Six months after Sandy struck much of the eastern Seaboard, a group of ‘hactktivists” are working out ways digital technology can improve the response to future disasters.
Dozens of people from the Rockaways and beyond gathered in a large domed tent on Sunday to discuss websites, apps and other ways local communities and service providers can collaborate better. Todd Miner, from Friends of Rockaway, wants to streamline the interaction between private service providers, government agencies and property owners, using a special network of databases.
"If this is in place before the next disaster, then the space between the day of the disaster and when I’m up to speed, with databases, which has been about four months, goes to one day, three days, four days, five days," Miner said. "You can actually make a difference."
Miner was speaking with Atul Varma, a designer from from the software and search engine firm Mozilla, and Jessica Roff, an attorney-turned-activist.
"If I had a dollar for every hour I have spent in a meeting discussing how you properly share information without privacy concerns and without undermining organizations’ restrictions, I could fund a lot of this rebuild," Roff said.

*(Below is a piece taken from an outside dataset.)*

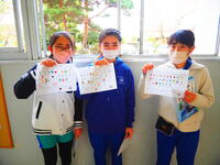 2年生 かけ算九九を覚えましたね。図工の絵や版画、工作もとっても頑張りました。全員がとっても素敵な作品を作ることができました。4月からは3年生です。中学年の仲間入りをします。頑張ってください。
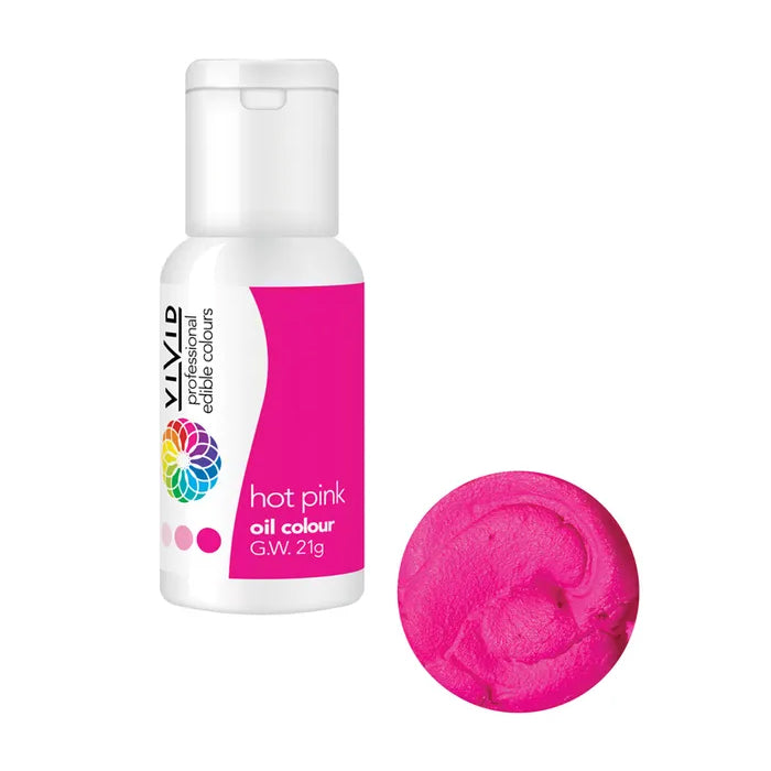 This Vivid Oil Based Colour HOT PINK is a ready to use food colouring specially made to mix with oil based mediums such as chocolate, ganache, fondant, icing, buttercream, dough and more. If you want a stronger colour, add more drops. For a lighter shade, use fewer drops. Mix the drops into the batter slowly until you get the colour you want. Comes in a 21g bottle. Made in China.

Sunday's two-hour workshop was in advance of a much larger event planned for Saturday, June 1st, that organizers hope will draw a big crowd of community members to contribute ideas.
The goal for that all-day “hackathon” in the Rockaways will be to take all the notes on Sunday’s worksheets, posters and post-its, and build them into rudimentary software programs that contributors can try out and respond to on the spot.